[EXERCISE OBJECTIVE]:
Word for word, retype the lines from the one containing "Vous pouvez afficher" to the one containing "3. Το τρίτο" below, keeping both end lines and dropping the pictures.

[SUPPLIED DATA]:
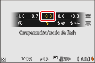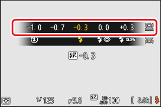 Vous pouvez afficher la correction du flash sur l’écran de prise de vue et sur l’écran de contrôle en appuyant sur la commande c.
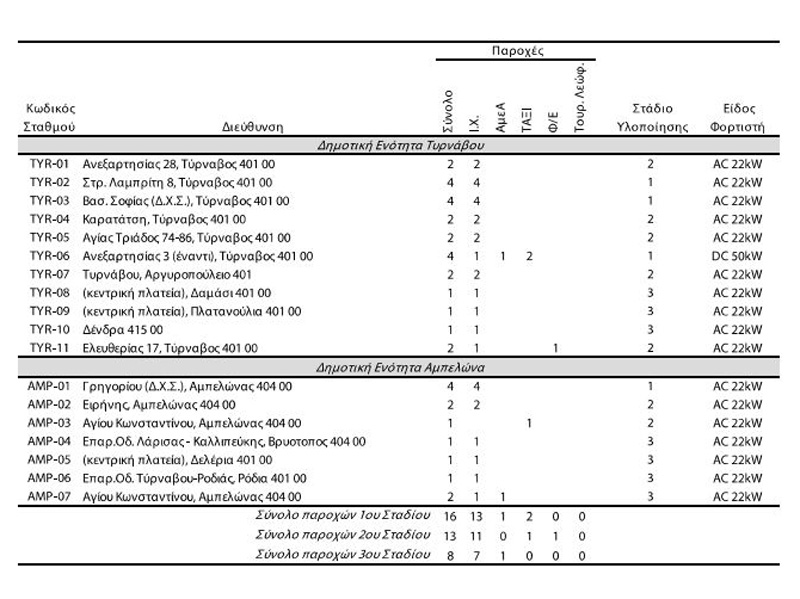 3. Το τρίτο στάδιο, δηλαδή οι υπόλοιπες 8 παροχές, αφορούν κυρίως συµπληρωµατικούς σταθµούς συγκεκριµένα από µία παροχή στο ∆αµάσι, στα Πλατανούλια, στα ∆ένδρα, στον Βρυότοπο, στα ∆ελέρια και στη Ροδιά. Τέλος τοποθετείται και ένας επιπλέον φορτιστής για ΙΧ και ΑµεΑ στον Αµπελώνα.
---
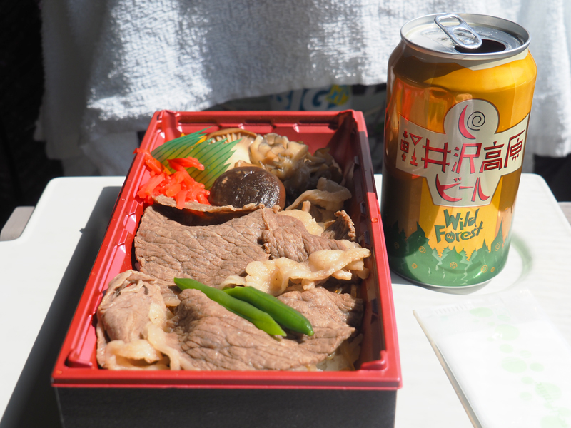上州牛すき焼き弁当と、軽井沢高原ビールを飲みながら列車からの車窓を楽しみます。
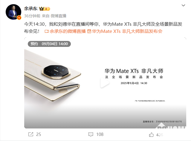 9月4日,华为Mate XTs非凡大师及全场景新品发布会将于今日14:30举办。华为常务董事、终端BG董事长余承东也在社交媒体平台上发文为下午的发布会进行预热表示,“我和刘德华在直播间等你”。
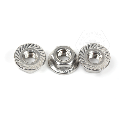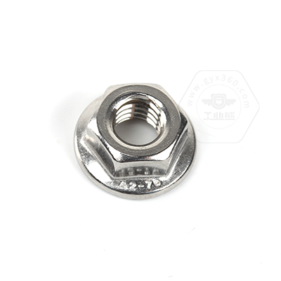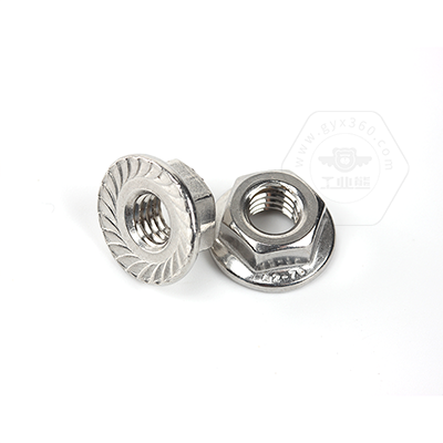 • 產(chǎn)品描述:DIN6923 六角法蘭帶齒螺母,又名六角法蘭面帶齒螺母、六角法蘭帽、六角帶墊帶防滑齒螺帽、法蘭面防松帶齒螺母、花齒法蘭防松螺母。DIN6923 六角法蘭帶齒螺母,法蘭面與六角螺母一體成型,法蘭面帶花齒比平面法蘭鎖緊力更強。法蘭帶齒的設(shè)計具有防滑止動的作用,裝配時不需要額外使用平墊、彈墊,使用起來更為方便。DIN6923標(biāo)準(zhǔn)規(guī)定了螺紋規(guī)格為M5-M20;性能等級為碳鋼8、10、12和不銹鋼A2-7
---
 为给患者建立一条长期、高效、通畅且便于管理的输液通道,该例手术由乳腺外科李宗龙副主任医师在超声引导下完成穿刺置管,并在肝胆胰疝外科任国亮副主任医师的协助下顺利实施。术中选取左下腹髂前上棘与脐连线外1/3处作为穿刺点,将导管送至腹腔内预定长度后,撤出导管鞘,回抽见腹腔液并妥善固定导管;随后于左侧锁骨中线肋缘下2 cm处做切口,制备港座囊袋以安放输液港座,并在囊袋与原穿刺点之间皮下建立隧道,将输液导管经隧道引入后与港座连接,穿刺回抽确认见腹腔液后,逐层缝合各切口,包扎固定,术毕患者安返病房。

[WRITTEN ANSWER]:
 Vous pouvez afficher la correction du flash sur l’écran de prise de vue et sur l’écran de contrôle en appuyant sur la commande c.
 3. Το τρίτο στάδιο, δηλαδή οι υπόλοιπες 8 παροχές, αφορούν κυρίως συµπληρωµατικούς σταθµούς συγκεκριµένα από µία παροχή στο ∆αµάσι, στα Πλατανούλια, στα ∆ένδρα, στον Βρυότοπο, στα ∆ελέρια και στη Ροδιά. Τέλος τοποθετείται και ένας επιπλέον φορτιστής για ΙΧ και ΑµεΑ στον Αµπελώνα.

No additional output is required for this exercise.